Wednesday, March 2, 2011

Be yourself. Do what you do. Leave me the fuck alone.

I realized a long time ago that i wasn't normal.  I would never feel comfortable if i tried to fit in. i think it happened in middle school. at least that's the first most vivid memory i have. the latest fad was the brand mossimo. and i wanted one shirt, just to fit in . the day i wore one to school i remember this sick feeling. like i was a phony. like i wasn't being who i knew i was. it didn't make the class hottie want to make out with me. it didn't make the cool kids suddenly like the chubby nerd. this isn't me bashing on the popular kids from 8th grade. they did what they did and it worked for them.

that's my point. Do what works for you. You re the only one who knows weather you're being true to yourself. let everyone else do what they do. of course you re going to be able to see phonies. but if that's what they think they need to do let em do it. 

this leads into what i really wanted to rant about. Success. everyone has a different definition of what success is. 

Definition of SUCCESS

1
obsolete : outcomeresult
2
a : degree or measure of succeedingb : favorable or desired outcome; also : the attainment of wealth, favor, or eminence
3
: one that succeeds

I will not let others define what my favorable or desired outcome is. I will define that.
Recently I've felt as though people look at my life and feel bad for me. like they know that i could do more or be better at life. well fuck them. i just happen to like my life. i like that i haven't cooked a meal in my home in over four months. instead filling my gullet with a steady stream of fast food, convenience store hot dogs of questionable age and what my father calls bachelor food(easily microwaveable food with no real value). i enjoy my tiny shitty roommate free apartment. i like that i instinctively know if i have time to shit before my hot pocket is finished microwaving.
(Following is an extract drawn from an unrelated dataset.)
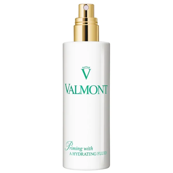 Priming With a Hydrating Fluid de Valmont es una bruma hidratante que refresca la piel y fija el maquillaje.

I'm ok with going out on a work night to see a show and have a few beers. i like sitting in aforementioned shit hole apartment drinking whisky out of my goodwill teacup, smoking cigarettes and listening to mountain goats records until i nod off on the couch... alone. god forbid. I'm ok with the fact that i hang out with several beautiful women on a (gasp) platonic level. I'm perfectly fine with the fact that we sit and watch cartoons on a saturday night and the thought of making out with me NEVER crosses their mind(that I'm aware of anyway). No i don't care that I'm single because i love being alone.  I'm in no rush to get married probably because I'm selfish and don't like the idea of having to ask or run my plans past someone. I'm terrified of children because they require time and effort. and both marriage and children would seriously screw up my routine of shows and booze. records and booze. cartoons and girl talk. and my gloriously sketchy eating habits.

If i were to pursue the norm of marriage and kids, just because that's what society say a normal 27 year old should do,  i would feel the same way i did in 8th grade. filthy. fraudulent. and wrong. but if that's what works for you. go for it. live your life the way you feel right. its the only one you've got. and you re the only one who can decide if you did it right. and if you feel like you re not doing it right. change it. there's still time.

oh and if you think im living life wrong. do me a favor. Leave me the fuck alone.